The internet and the inexpensive devices we have available to access it still amaze me!


----------



## Tom 86 (Jul 23, 2021)

I used pencils & the old non-electric typewriters when in school.  They had something in the office that you could make many copies of by cranking that machine. I know the liquid would make you high if you breathed it too long.


----------



## Don M. (Jul 23, 2021)

I spent pretty much my entire working life "fixing" computers.  Back in the '60's, it was mostly punched card machines.  Then, large mainframes began to emerge...some of which occupied more space than a house.  Then, by the time I retired, the size of those huge units was reduced to little more than a stack of PC's.  Today, there are laptops that can process more data, and faster, than some of what I worked on.  

If things have changed this much in the past 50 years, I can hardly imagine what will be available by the year 2100.


----------



## Alligatorob (Jul 23, 2021)

squatting dog said:


> Remember life before computers?​


Barely, LOL.  Actually computers have been around all my life, and since my father was an electrical engineer who worked with them I did hear about computers a lot.  However it was not until my 20s that I actually saw one...  My first experience using one was with cards, don't see those much anymore.

_Danny Dunn and the Homework Machine_ was a favorite book when I was a kid.  https://en.wikipedia.org/wiki/Danny_Dunn_and_the_Homework_Machine


----------



## Llynn (Jul 23, 2021)

Don M. said:


> If things have changed this much in the past 50 years, I can hardly imagine what will be available by the year 2100.

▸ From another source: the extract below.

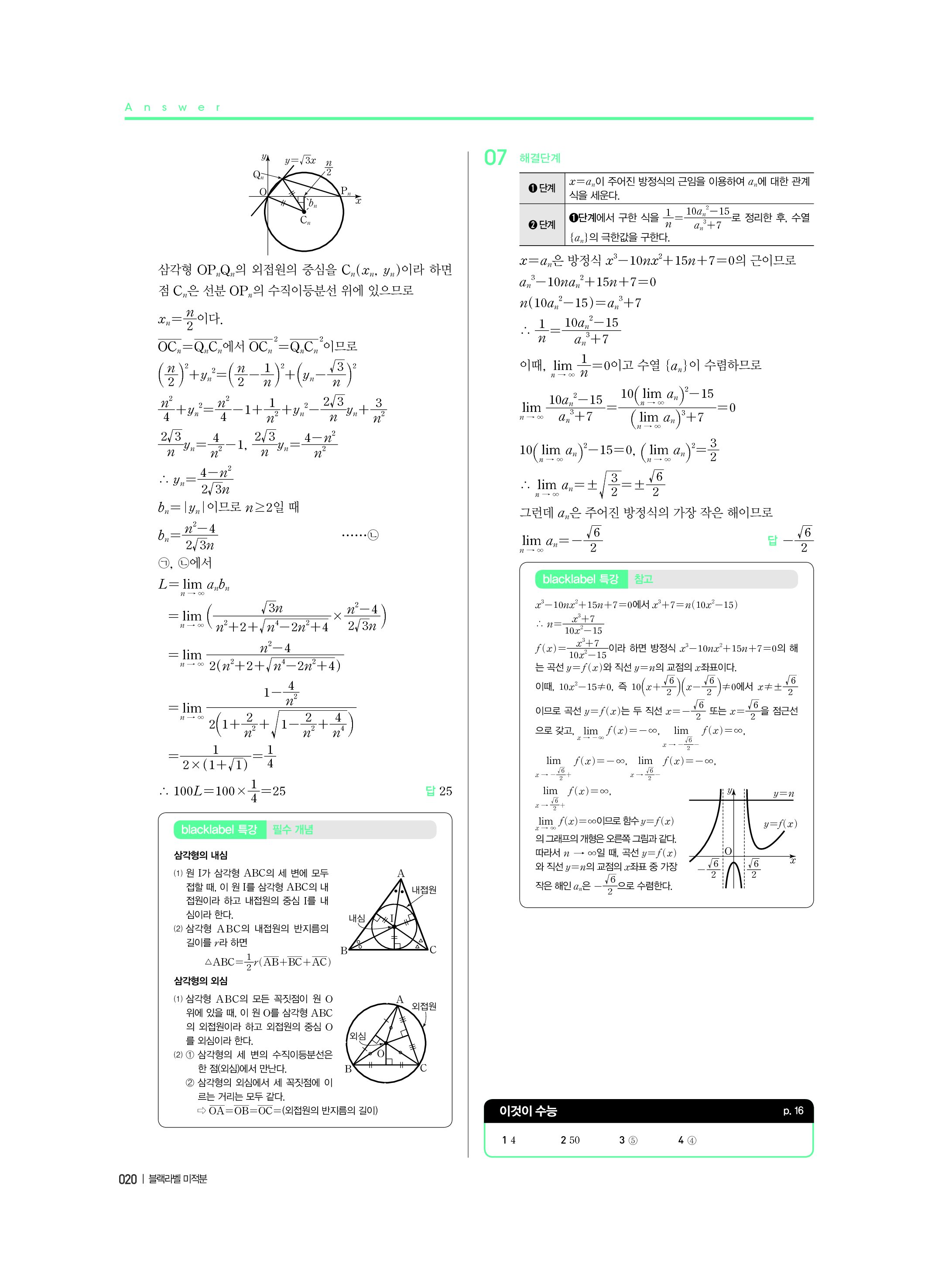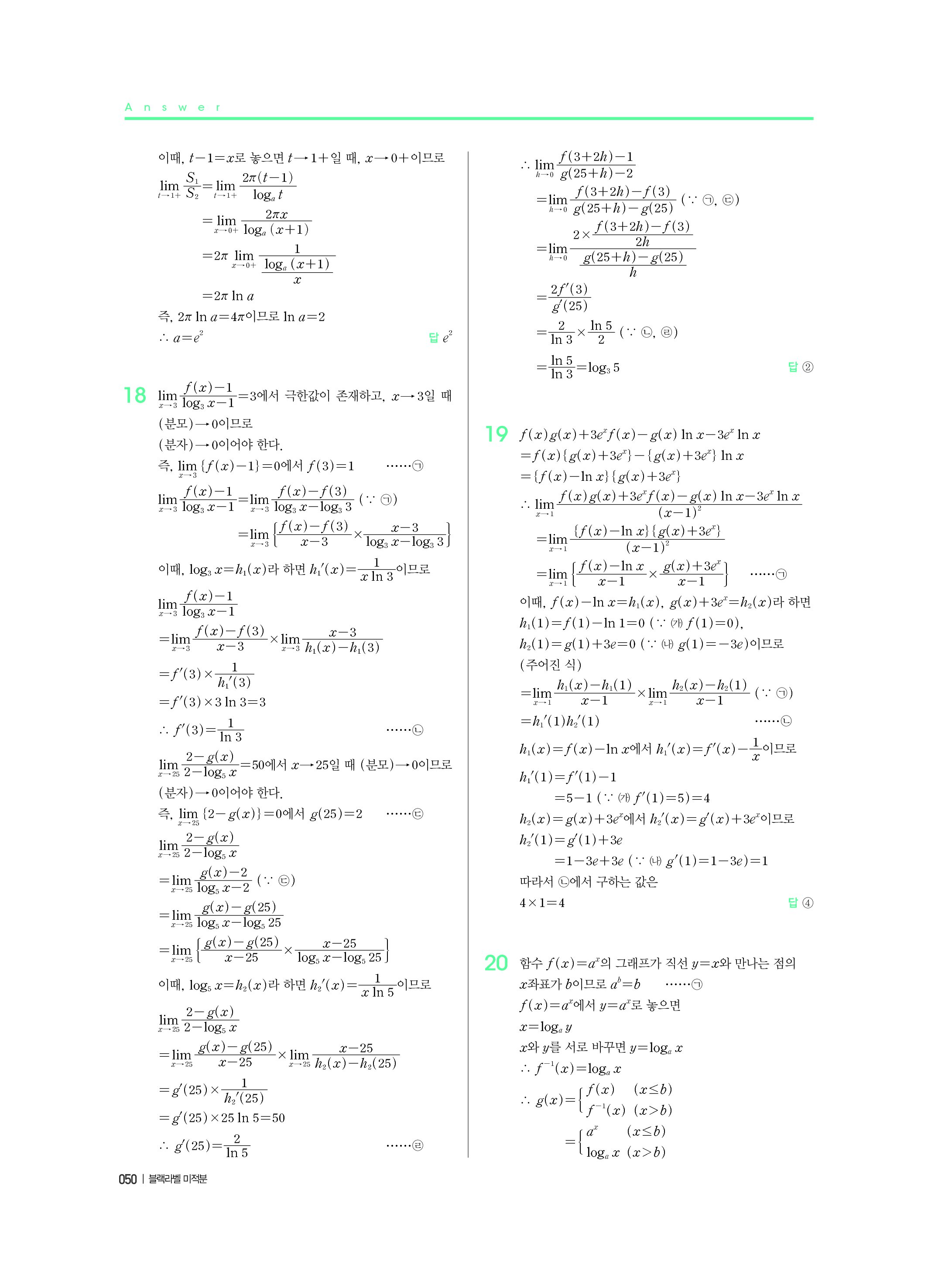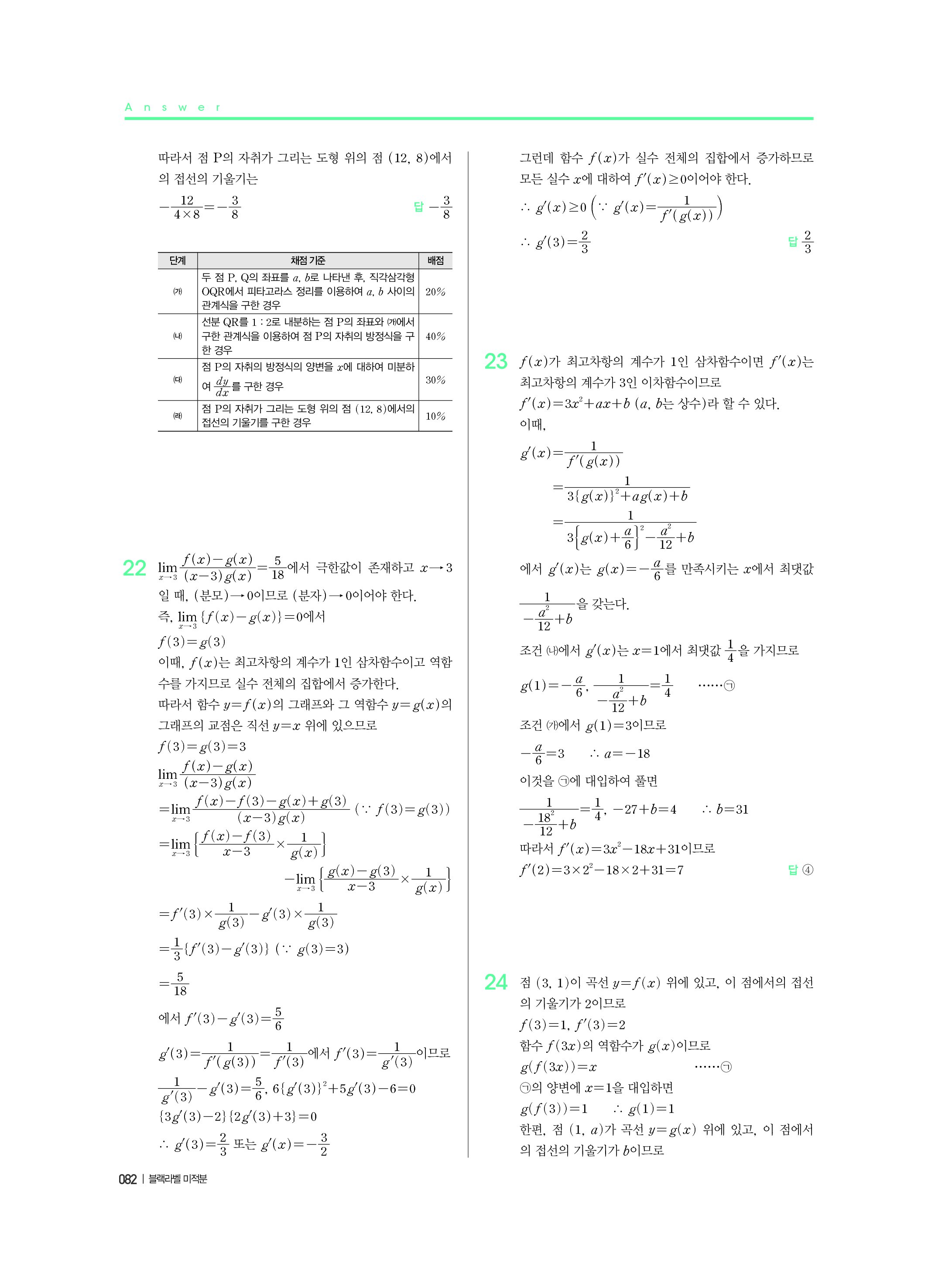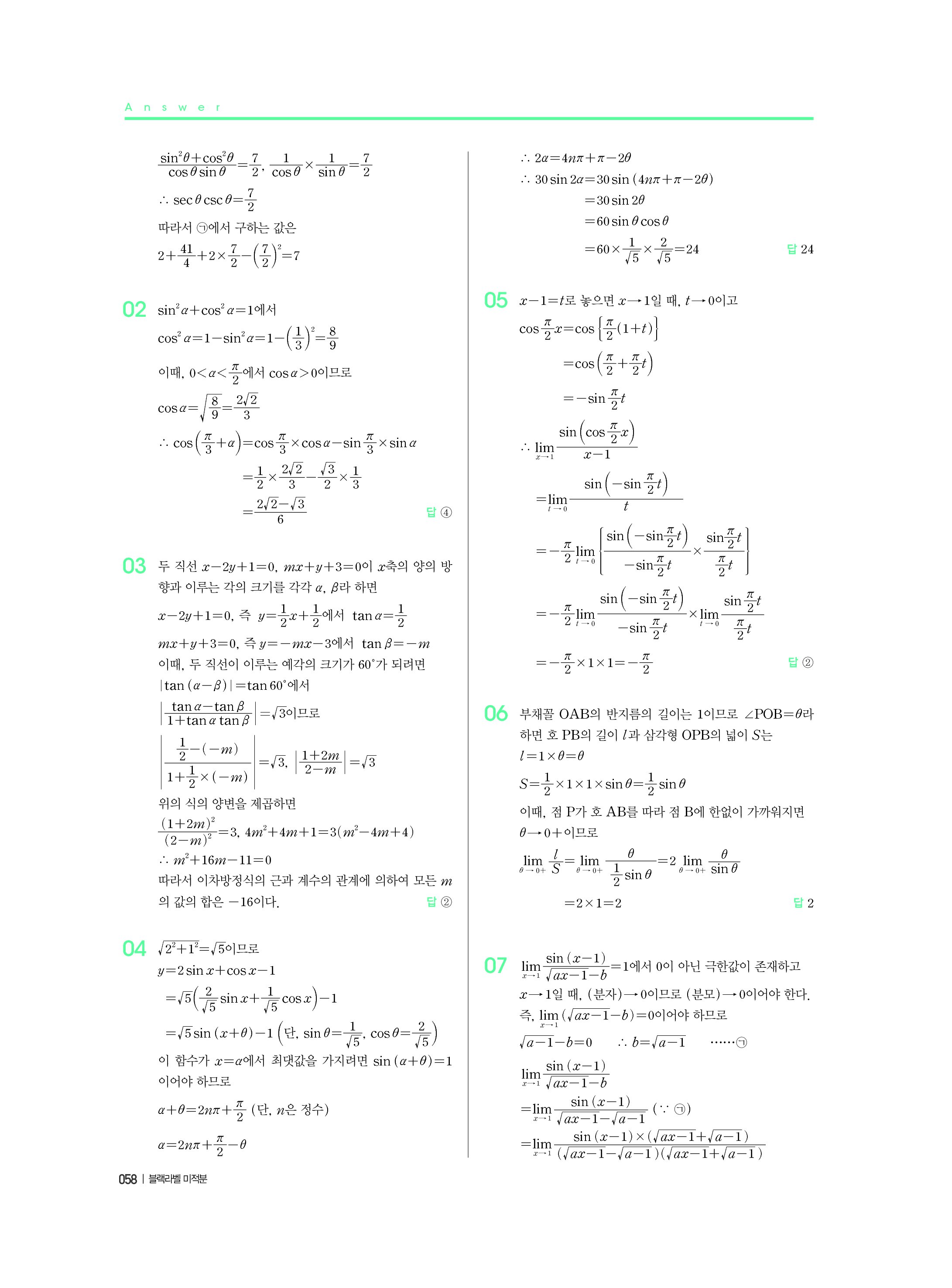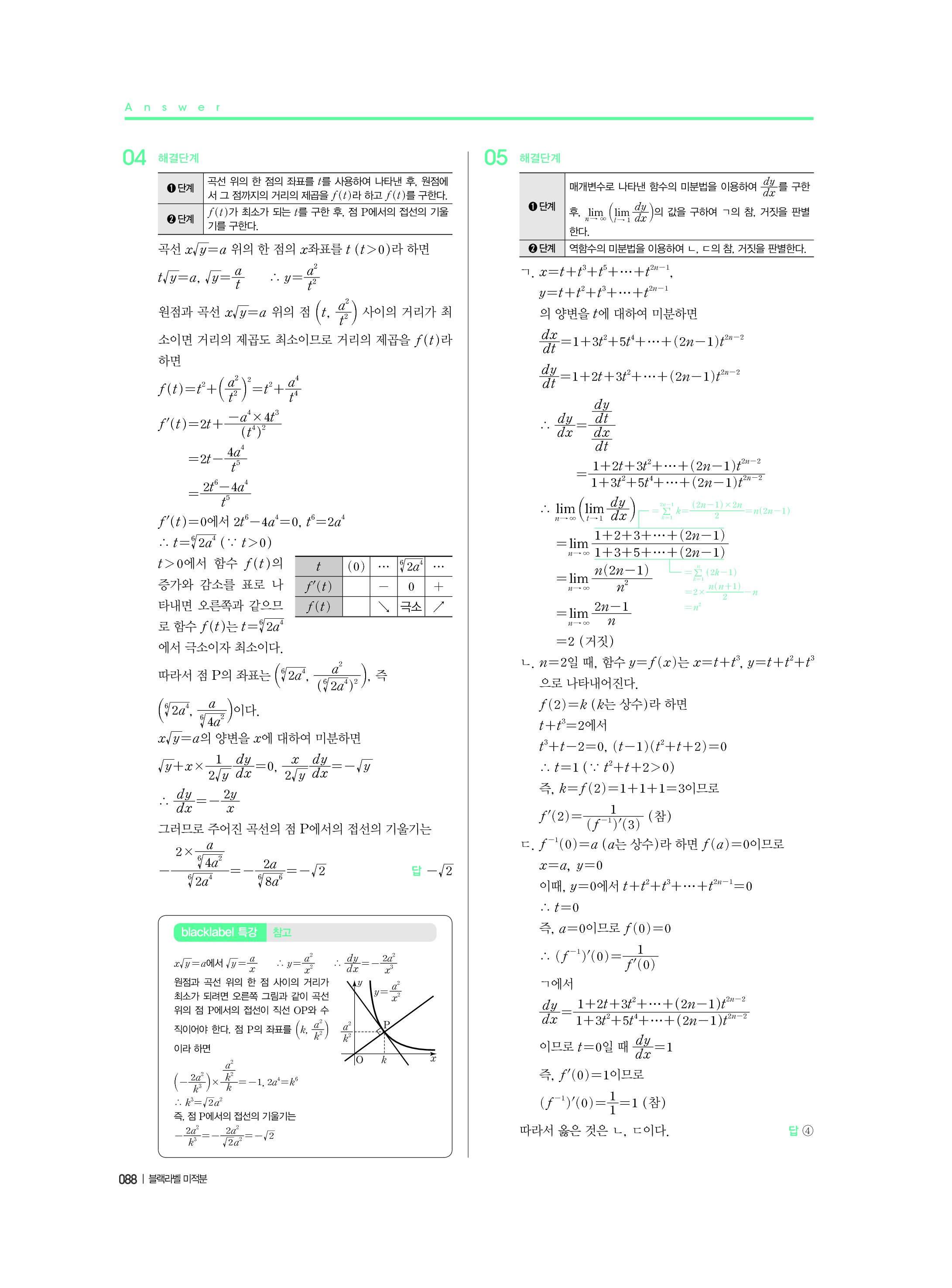 블랙라벨 미적분 답지 해설 사진답지 빠른답지 모바일최적화

If things continue the way they are at the moment, it's possible that what will be available in 2100 will be sticks and rocks.


----------



## OneEyedDiva (Jul 23, 2021)

Re the OP:  Funny! And all true. I'll have to share in a couple of my Facebook groups.


----------



## jujube (Jul 23, 2021)

"To err is human, but to really screw up, you need a computer."


----------



## jujube (Jul 23, 2021)

A laptop was where you sat your grandbabies.
A tablet was what you wrote your homework on.  It had lines.
A display was something you didn't want to make of yourself.


----------



## Verisure (Jul 23, 2021)

squatting dog said:


> View attachment 175132


Yes, but I remember the *dewey decimal system* too.


----------



## Verisure (Jul 23, 2021)

Tom 86 said:


> I used pencils & the old non-electric typewriters when in school.  They had something in the office that you could make many copies of by cranking that machine. I know the liquid would make you high if you breathed it too long.

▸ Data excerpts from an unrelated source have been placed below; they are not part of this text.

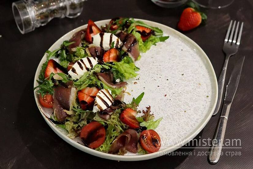 Прошуто, виноград, крем-сир, томати чері, мікс салату, рукола, соус.
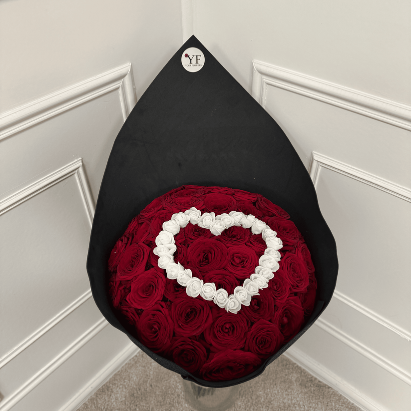 Offrez un message puissant avec ce bouquet de roses rouges fraîches, sublimé par un cœur dessiné en fleurs blanches artificielles directement au centre du bouquet.
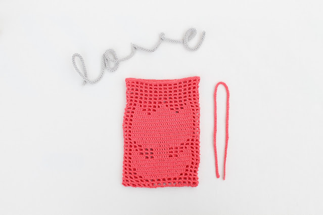 For the closing rope: cast on a chain measuring aproximately 45 cm (or the length you prefer) and make one slip stitth on each chain stitch
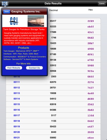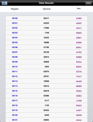 When you exit the Comm page, the main tabular page will show the Modbus registers that were polled and their data in both decimal and hexadecimal format.
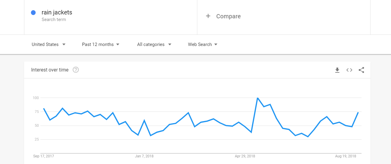 Rain jackets were searched the most in the months of April and May when monsoons are usually highly active:
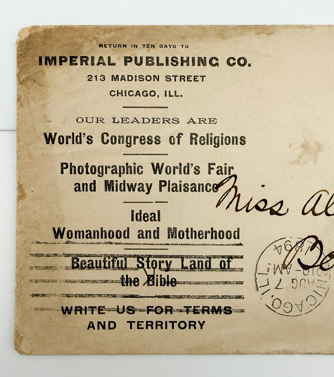 Representative of the Chicago-based door-to-door subscription publishing ecosystem contemporaneous with the books and sales materials in the collection. (1 item)
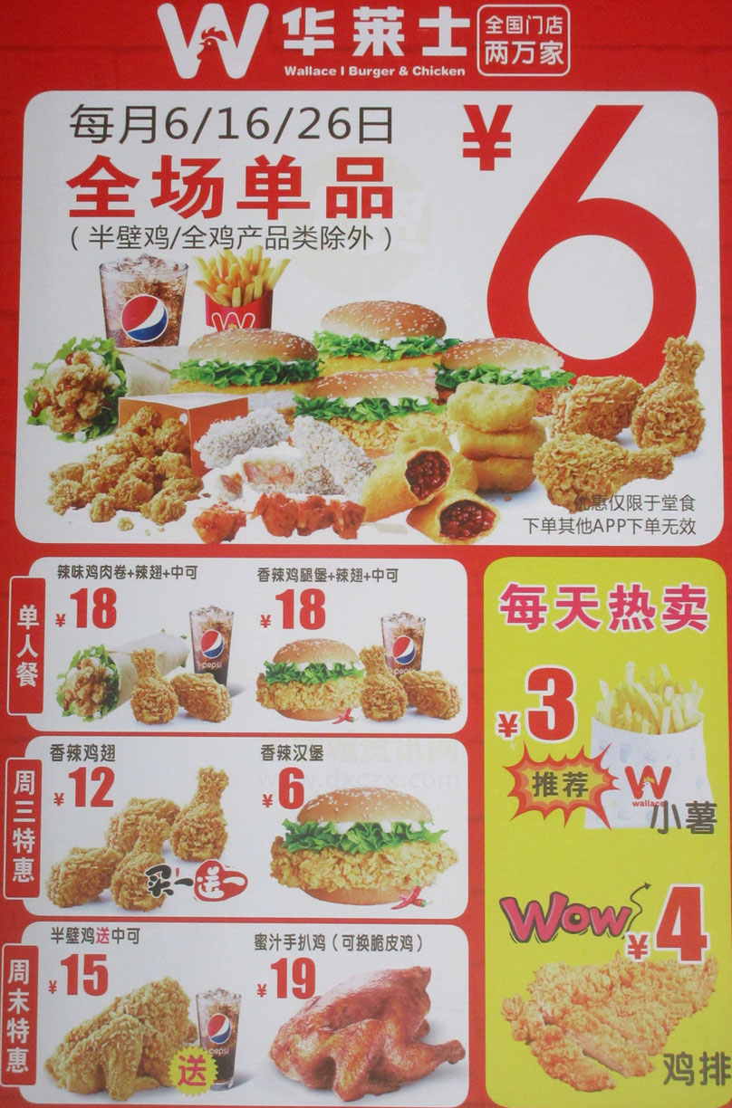| 南亭村-下朗大街南端 华莱士每月6/16/26号全场单品仅需6元 半壁鸡/全鸡产品类除外 同时是仅限于堂食 | ||||||
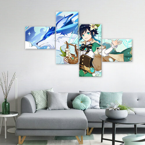 Модульная картина/Модульная картина на холсте/Модульная картина в подарок/Venti and blue fox - Венти и синий лис Genshin Impact 140х85

Yep. Me too. Do you remember what WPM meant?


----------



## horseless carriage (Jul 24, 2021)

Verisure said:


> Yep. Me too. Do you remember what WPM meant?


Typing speed, words per minute. Never could get my head around technology. But at least my mathematical computer never freezes.


----------



## peramangkelder (Jul 24, 2021)

An oldie but a goodie


----------



## Paco Dennis (Jul 24, 2021)




----------



## Verisure (Jul 24, 2021)

horseless carriage said:


> Typing speed, words per minute. Never could get my head around technology. But at least my mathematical computer never freezes.
> 
> View attachment 175201


I still remember when the abacus was used in Asia and Africa. Then suddenly the little pocket calculator showed up and the abacus disappeared overnight.


----------



## hollydolly (Jul 24, 2021)

Tom 86 said:


> I used pencils & the old non-electric typewriters when in school.  *They had something in the office that you could make many copies of by cranking that machine. I know the liquid would make you high if you breathed it too long.*


Yes that was one of my most tedious jobs as an office junior... 

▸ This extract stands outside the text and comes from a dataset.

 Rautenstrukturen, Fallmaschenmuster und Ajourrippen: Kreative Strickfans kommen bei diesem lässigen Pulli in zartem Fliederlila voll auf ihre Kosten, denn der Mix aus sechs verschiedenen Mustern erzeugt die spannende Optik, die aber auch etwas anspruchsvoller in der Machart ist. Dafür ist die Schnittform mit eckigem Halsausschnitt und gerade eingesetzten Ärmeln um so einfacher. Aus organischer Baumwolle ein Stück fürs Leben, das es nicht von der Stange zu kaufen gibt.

I remember in our office it was a Roneo machine , and I used to have to churn out hundreds of copies of papers.. and the smell of that ink..*ugh*...


----------



## terry123 (Jul 24, 2021)

I worked for a Ford dealership when computers first came out. My boss was very wary of them and we did not change until Ford made us do it.  My boss was still wary and made me keep two sets of books for 3 months. One was our old hand way and the other was the computer.  At the end of the 3 months the difference was 10 cents!  So finally we could do the computer for good.  I was so happy with that!! Don't even ask me what we went through using a fax machine for the first week!!!


----------



## hollydolly (Jul 24, 2021)

The company I worked for as an Office junior after leaving school, had One  Computer ..... and it was so huge it took up the whole of one room...

I worked as a junior for a punch card Operating room..similar to this but with 50 operators.. all going at once..











I was a general dogsbody to them, and to the guys in the print room, and to the boss upstairs.. and I'd have to take over the telephone reception when our receptionist was at lunch...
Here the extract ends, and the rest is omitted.